Харалдай вообще не поднял головы, хотя Витек долгую минуту сверлил его злым требовательным взглядом.
– Правильно, давайте о другом, – Марик выдохнул к потолку облако золотистого дыма. – Когда начнете строить собственный дом – в первую очередь, это мужчин касается, sorry, Sean, – сами поймете, о чем я говорил. Это еще хорошо, что вы в армии не служили, там бы вам вообще ой как мозги продули!..
– Я служив, – тихо напомнил Харалдай. – Не дай Боже никому…
Они сидели еще долго, до середины ночи. В плену доброго шаманского колдовства Никита каким-то чудесным образом мог то бродить по скрипучим половицам их с бабушкой дома, вдыхая родные с детства запахи, то снова возвращаться в покрытый полумрак кухни. А потом научился и вовсе быть и здесь, и там одновременно. И это было круто.
– А ты меня армией не попрекай, жидон, – обиженно возмущался Витек. – Я срочную службу не служил, потому что образованным человеком Родине больше пригожусь, ясно? Только поэтому! А с подготовкой у меня – будь спок! На сборах нас так гоняли – спецназ отдыхает! Как вспомню – так вздрогну… Комбат у нас из афганцев был, не то чтобы раненый, но чего-то там с ним точно сделали. Не пил, представляете? Вообще! Майор – а ни капли! И еще не спал никогда! Только клей все время нюхал… Так этот майор нам такой Кандагар устроил – пацанам в армии не снилось! За полтора месяца научил Родину любить! Особенно ночные марш-броски в противогазах любил, бывало, среди ночи как проревет: «Суки, подъем!! Родина в опасности!!» – так из койки шустрым кабанчиком вылетаешь! Сперматозоидом! А главное, на марше не покосишь, как остальные, шланги от фильтров не открутишь – намертво заделаны! Клей-то у него всегда под рукой… Вот так вот бежишь – ни отлить, ни вдохнуть, ни портянки поправить. Я только благодаря ему и понял, какой это кайф, когда: «Газы, отбой!»… Одним словом, героический мужик был! Правда, – задумчиво добавил Витек, – у него с цифрой «восемь» какой-то свой, чисто личный прикол был. Если «рассчитайсь», то с первого по восьмой, к примеру. У всех серия – десять выстрелов, а в нашей роте – восемь… Зато подтягиваться на перекладине меньше приходилось на два раза!..

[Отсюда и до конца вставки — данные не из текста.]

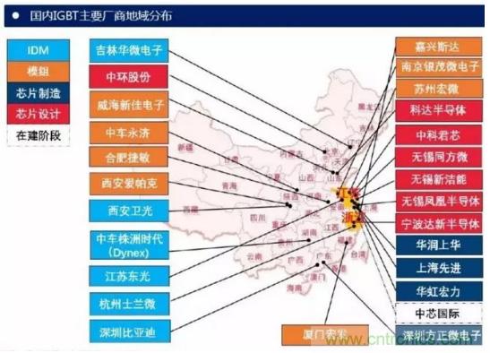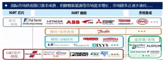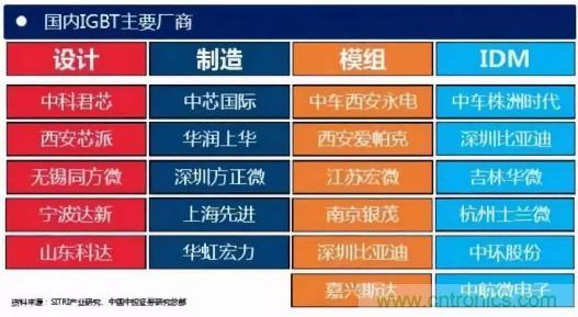 從公司來看,國外研發IGBT器件的公司主要有英飛淩、 ABB、三菱、西門康、東芝、富士等。中國功率半導體市場占世界市場的50%以上,但在中高端MOSFET及IGBT主流器件市場上,90%主要依賴進口,基本被國外歐美、日本企業壟斷。

«Я знаю этого человека», – хотел сказать Никита, но не сказал, потому что в лучшем из миров всем и так было ясно, что он знает непьющего майора…

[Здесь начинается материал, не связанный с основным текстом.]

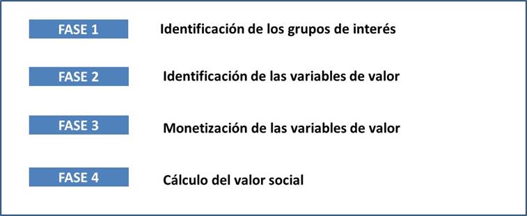 El VSI calculado se compone del valor social generado a través de la actividad económica o mercantil - captado por indicadores de contabilidad - y el valor social específico que la organización genera para sus diversos grupos de interés mediante relaciones ajenas a las transacciones de mercado. Para determinar el valor social específico o valor de no mercado se combina un análisis cualitativo y cuantitativo, y se siguen básicamente las cuatro fases mostradas en la Figura 2.

Потом Марику позвонили на сотовый, и он, извинившись, отошел в сторону поговорить, бросив при этом Никите несколько заговорщицких взглядов. «Выступление», – спокойно отметил Никита.
Еще он запомнил, что Шон уговорили спеть народную валлийскую песню – вялую и душераздирающе тоскливую. В песне не было ни одного знакомого английского слова, но при этом Харалдай подпевал девушке бархатным полтавским баритоном, и было ясно, что он хорошо понимает, о чем поет…
Как он оказался в постели, Никита не помнил. Лежа посреди золотистого полумрака гостиной, он старался рассказать бабушке о черноглазой девушке в голубом платье, но бабушка почему-то не хотела ничего о ней знать. А заснул Никита так неожиданно, что даже не успел обидеться…
***
Утро – спокойно-неторопливое, благостное – лениво перетекало в день, чтобы через несколько часов, углядев за окном сумерки, превратиться в вечер потраченного впустую дня.
Никита долго и с удовольствием пил кофе. Затем больше часа медленно плавал (не прекращавший экспериментов шаман на этот раз сделал воду морской, пахнущей неведомыми, затерянными в Океании островами), только после этого нехотя направился в ванную, побрился и принял душ. Включил было телевизор, но скоро, понажимав кнопки пульта, выключил – новости были скучно-официальными, программы – дурацкими, фильмы – либо второсортными, либо очень старыми…
Скорее получая удовольствие от скуки, чем изнывая от нее, Никита опять поднялся на белый пятачок. Кухня оказалась пустой. Как только Никита нажал кнопку электрочайника (кофе не хотелось, просто нужно же было чем-то заняться), зазвонил телефон.
– Алло… – произнес Никита.
– Марк Аронович!.. Извините, ради Бога, что я звоню, мы договаривались, я понимаю…
Доносящийся из трубки немолодой женский голос был чужим. И еще – суетливо-заискивающим и неискренним.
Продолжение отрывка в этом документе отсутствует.